Ściśle tajne dokumenty, które były uzgadniane z naszymi sojusznikami na wypadek ataku Rosji, traktowali jak polityczne złoto, będąc gotowi nawet do zdrady
— ocenił europoseł.
Politycy KO odnieśli się też do piątkowego wpisu Błaszczaka na platformie X. B. szef MON napisał, że „bodnarowska prokuratura postawi mu zarzuty za to, że odtajnił plan pierwszego rządu Tuska ws. oddania połowy Polski bez walki” i że „bez wahania zrobiłby to jeszcze raz”
Joński skomentował:
Miejmy nadzieję, że Błaszczak już nigdy więcej tego nie zrobi, że będzie miał zakaz pełnienia funkcji publicznych.
Szczerba dodał, że Błaszczak nie okazuje skruchy, co - jeśli sprawa trafi do sądu - powinno być przesłanką do „bardziej zdecydowanego” wyroku.
Zdaniem obu europosłów, odtajnienie dokumentów przez Błaszczaka jest taką samą „zdradą”, jak głosowanie europosłów PiS przeciwko rezolucji Parlamentu Europejskiego.

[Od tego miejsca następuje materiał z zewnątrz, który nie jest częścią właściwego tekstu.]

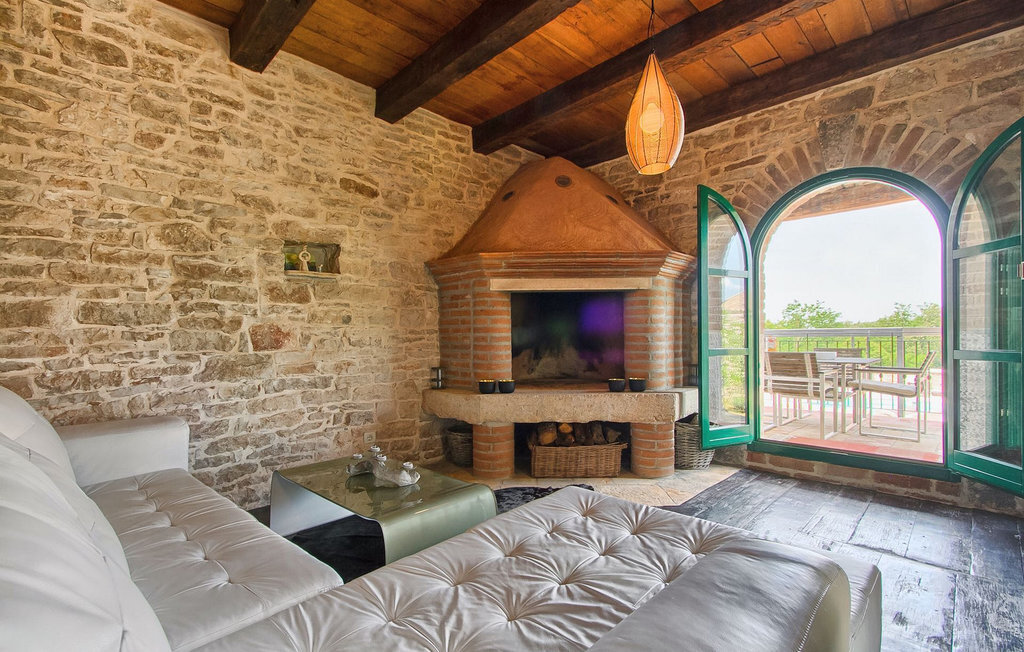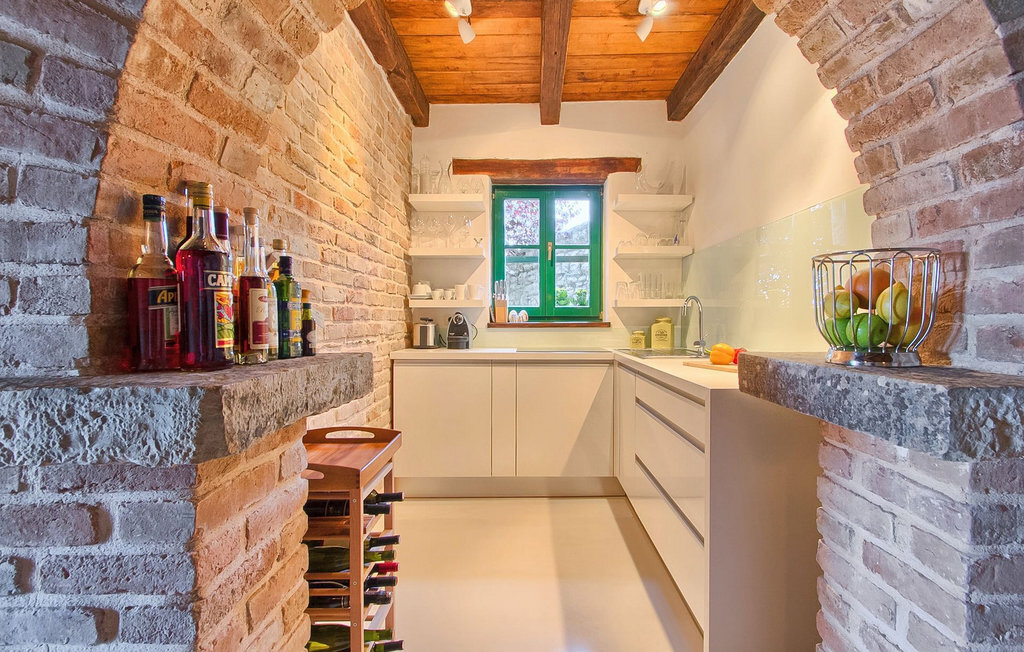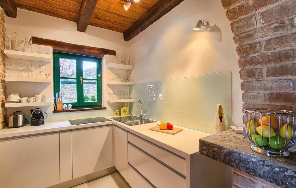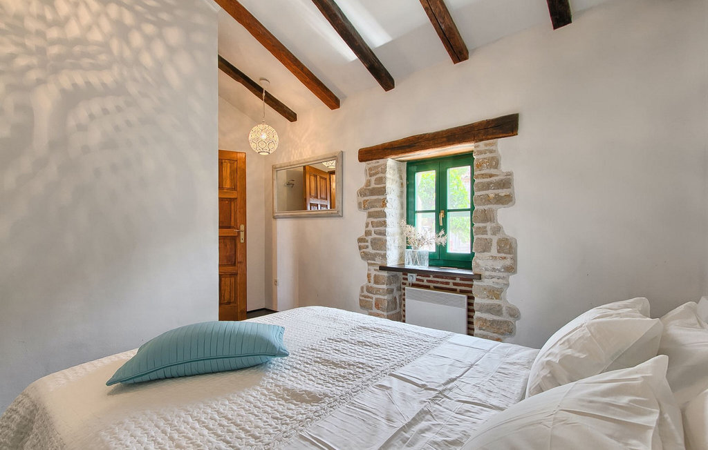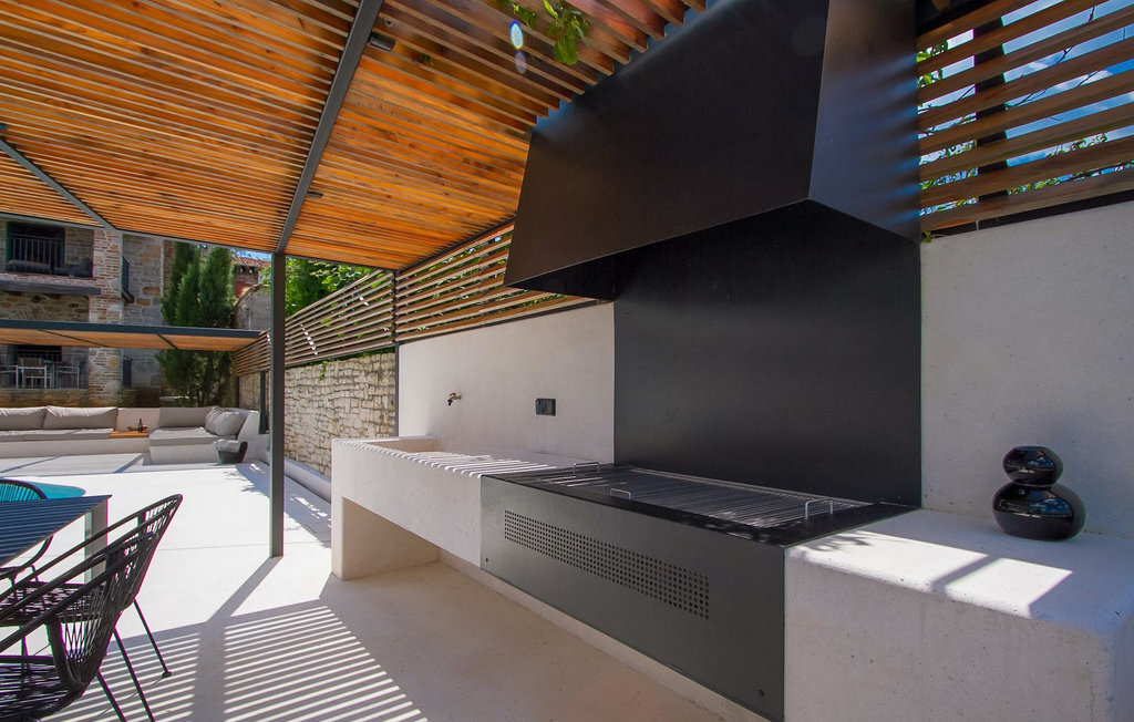 Au rez-de-chaussée, vous trouverez une cuisine entièrement équipée, une salle à manger et un salon avec cheminée. Au dernier étage se trouvent deux chambres à coucher avec lit double et une salle de bain. À l'extérieur, il y a une piscine et une douche extérieure, le tout entouré d'un beau jardin. Si vous souhaitez passer toute la journée à l'extérieur, vous avez à votre disposition une cuisine d'été supplémentaire avec barbecue et terrasse. Le grand canapé sur la terrasse est un endroit agréable et confortable où vous pouvez profiter du climat doux de l'Istrie tout en sirotant un cocktail rafraîchissant. Si vous n'avez pas envie d'aller faire les courses, il est bon de savoir qu'un magasin mobile (camionnette blanche avec des produits alimentaires) vient régulièrement au village. Il est possible d'y commander quelques aliments qui peuvent être livrés dès le lendemain.

Zaślepiony nienawiścią (prezes PiS, Jarosław) Kaczyński znalazł sobie kolejnego wroga w postaci bezpieczeństwa
— stwierdził Joński.
Zapowiedział, że razem ze Szczerbą i innymi europosłami będzie jeździć po Polsce i „mówić, na czym polega bezpieczeństwo, dlaczego Europa połączyła się, żeby obronić swoje granice”.
Joński poinformował, że najbliższe spotkanie będzie zorganizowane w sobotę o godz. 17 we Wrocławiu.
Będziemy mówić o tym, co jest w rezolucji PE, dlaczego walczymy, by Europa pomogła nam chronić wschodnią granicę i dlaczego chcemy być w Europie jak jedna pięść. (…) Nie pozwolimy, by narracja PiS była utrwalana, będziemy prostować kłamstwa, bo dotyczy to naszego bezpieczeństwa
— powiedział Joński.
Szczerba, Joński i Hołownia należą akurat do ostatnich osób, które mają prawo wypowiadać się o „bezpieczeństwie” i obronie granic. Dwaj europosłowie KO - za to, co wyprawiali w czasie kryzysu na granicy polsko-białoruskiej, pan marszałek - za publiczne wypowiadanie „żarcików” typu: „Jeżeli dziś ja jestem tym, który – nie daj Boże, żeby coś stało się prezydentowi – ma przejąć zwierzchnictwo Sił Zbrojnych, to wyobraźcie sobie czy pan Święczkowski zbierze ten Trybunał, czy najpierw będzie robił fochy, że nie dostają pensji” i innych, które są śmieszne tylko dla samego Hołowni, a także za to, że to m.in. jego ugrupowanie krzyczało jeszcze niedawno o „histerycznych zakupach Błaszczaka”, a teraz, wraz z koalicjantami, chwali się wysokim budżetem Polski na obronność.